When reporting heartbeat failure as a result of DKG result submission inactivity, the group must decide if the cost of the transaction is worth it. That is, if some operator was marked as inactive a minute ago, it does not make sense to mark it as inactive and ineligible for rewards one more time.
|
Important
|
There should be no token incentives for calling this function by the group. The only incentive should be their goodwill to save some rewards by DAO. Moreover, in the case of off-chain heartbeat failure, clients are trying to avoid slashing in the future. Marking operators as ineligible for rewards should not increase the rewards of other group members! Rewards saved on inactive operators marked as ineligible should return back to the DAO. The DAO should do something else with those extra tokens other than increase rewards. We do not want to incentivize voting for your own salary. |
For the first release, the role of maintainers will belong to the willing off-chain clients approved by DAO or council. Every client will have maintainer functionality built-in and enabled in the configuration file.
We will implement a simple reimbursement contract for maintainers proxying calls
to Bridge functions. Only approved maintainers should be able to use the proxy
contract. Maintainers are expected to follow round-robin distribution of work
but the order is not going to be enforced on-chain. DAO/council will have the
functionality of removing maintainers not performing their duties.
DAO/council may decide to distribute additional T rewards for maintainers. This
functionality should be supported by the MaintainerProxy contract.
Eventually, the role of maintainers can be delegated to another network such as Gelato.
┌────────────────────────────────────────┐ calls ┌─────────────────────────┐
| MaintainerProxy |─────────▶| Bridge |
└────────────────────────────────────────┘ └─────────────────────────┘
| submitSweeProof() onlyMaintainer | | submitSweepProof() |
| submitRedemptionProof() onlyMaintainer | | submitRedemptionProof() |
| createNewWallet() onlyMaintainer | | createNewWallet() |
└────────────────────────────────────────┘ └─────────────────────────┘ETH reimbursed, no additional reward to disincentivize front-running between maintainers.
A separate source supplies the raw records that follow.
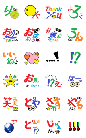 カラフルな可愛い絵文字のスタンプです。 日常使いに最適。いろいろな場面で相手を楽しませてね。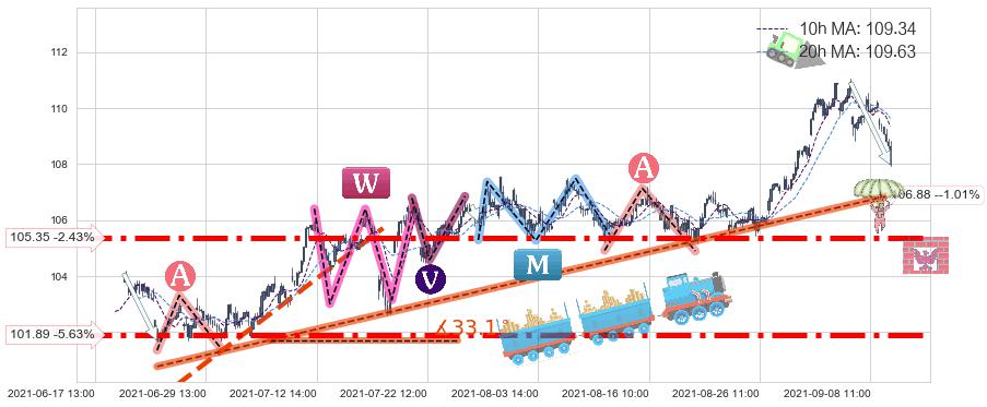 ♞ 10小时均线:109.34,20小时均线:109.63→ 快线<慢线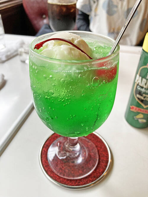 メロンの他、青の「ブルーハワイ」、赤の「ストロベリー」など、最近はそのカラフルさから、インスタ映えするとして人気がありますが、当時のクリームソーダは、まさに高度経済成長期の象徴であったのだと思います。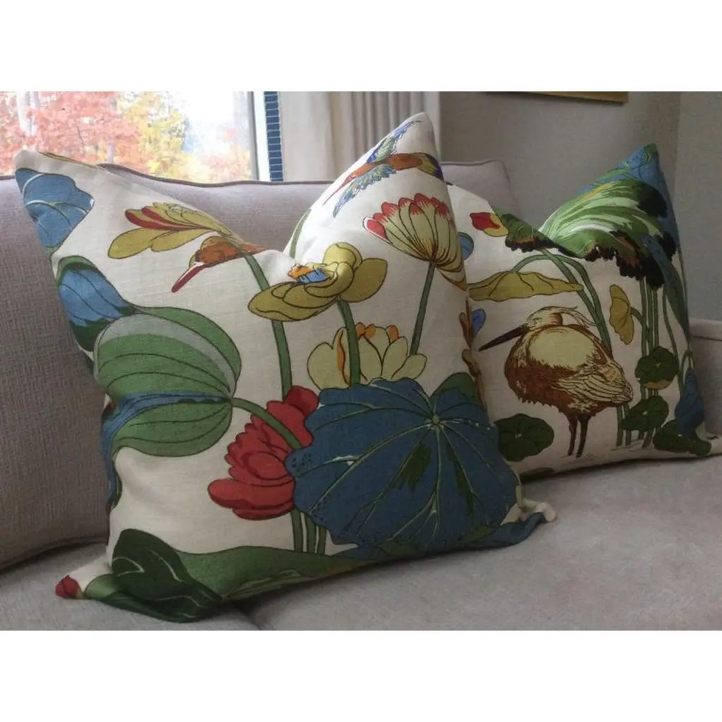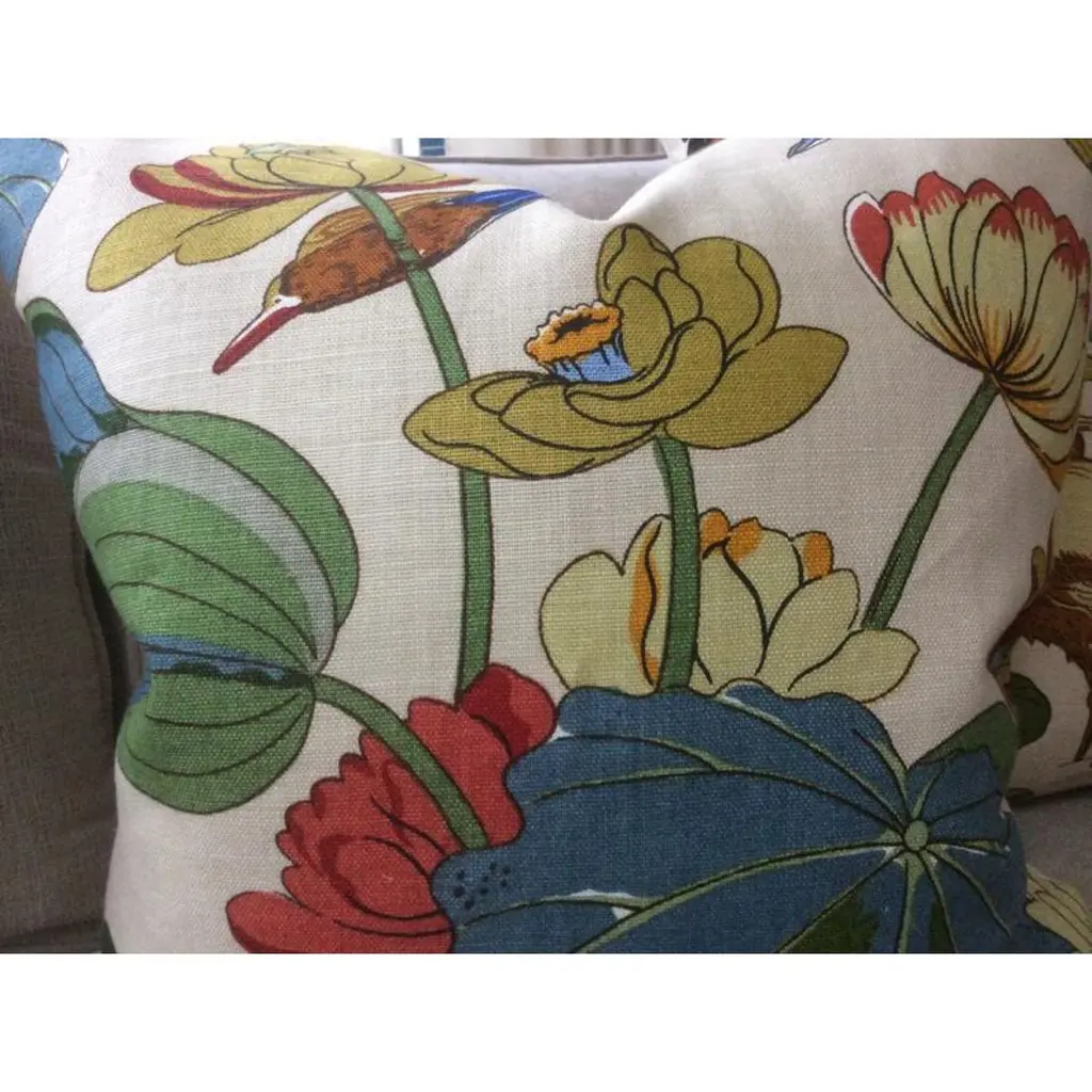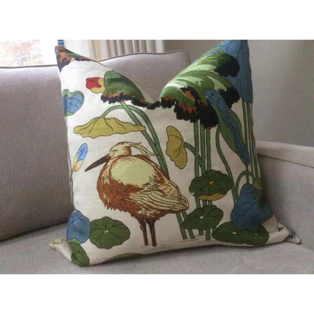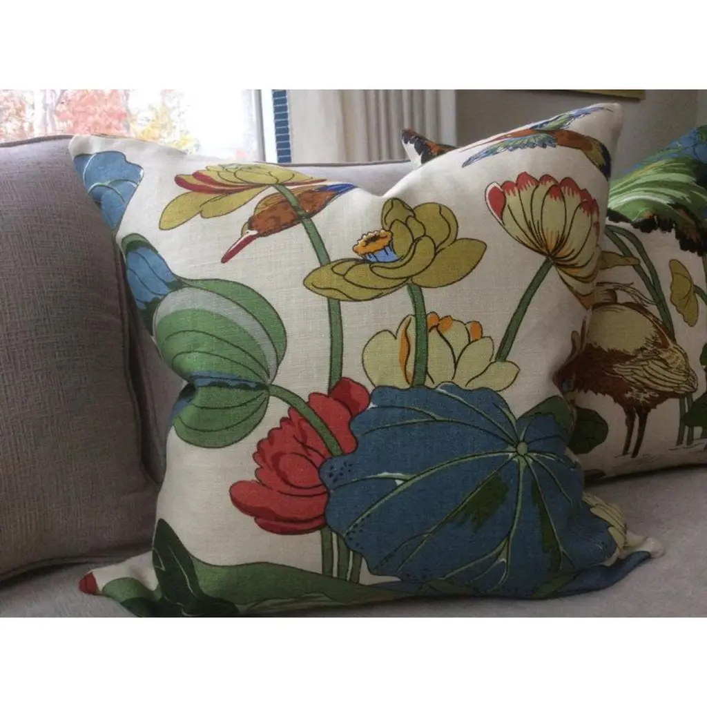 From inimitable design house, GP & J Baker, comes one of their most iconic prints in Stone/Pistachio colorway. “Nympheus” is a large-scale 100% Linen in vibrant shades of teal, blue, bottle green, ruby red, and straw gold on a creamy background. HANDS DOWN a most favorite all time fabric of Accent Marks. It features herons, lotus, and lilies - a beautiful mix.This listing will arrive as a pair of 22” down filled pillows. They will be backed in a coordinating black linen and closed by way of an invisible zipper. Complete with generous down inserts, this set will arrive ready to use.Patterns will vary and pairs will coordinate, but will not match placement-wise.About UsAt Accent Marks, each designer pillow is crafted with care using the finest hand-selected fabrics and trims, paired with durable, discreet invisible zippers. We specialize in creating beautiful, high-quality pieces that elevate your home decor. While most of our listings feature 22" pillow pairs, we also offer a range of sizes and single pillow options to suit your needs. All of our Accent Marks pillows are proudly made in the United States.If you don't see the fabric you're searching for, please reach out via message as we have other fabrics available upon request and can create anything that you like. Thank you for visiting Accent Marks!

ETH reimbursed, no additional reward to disincentivize front-running between maintainers.
All transactions in this section must be supported by the off-chain client. We are not concerned about front-running. Front-running may happen and it is even desirable to some extent because these transactions protect the health of the network.
No ETH cost reimbursed. Called exceptionally, ideally never. Incentivized by T from slashed stakes.
No ETH cost reimbursed. Called exceptionally, ideally never. Incentivized by T from slashed stakes.
DAO needs to fund ETH pool that will be used for reimbursements. The pool should probably be a separate contract. The pool needs to protect against malicious miner-operators by placing a governable gas price ceiling. It should be possible to withdraw unspent ETH in case we decide to replace Maintainer incentives with something else (for example Gelato) or decide to add more functions there (for example, the SPV relay updates).
Operators who were marked as ineligible for rewards will have to execute a transaction to mark them as eligible for rewards again, once the ineligibility time passes.
Given that it is the DAO who is giving the rewards, the DAO or some council appointed by the DAO should always have the right to enable rewards again for the given operator even if the timeout did not pass. This right should be used rarely - if ever - and is reserved only for the case of a bug in the off-chain client code.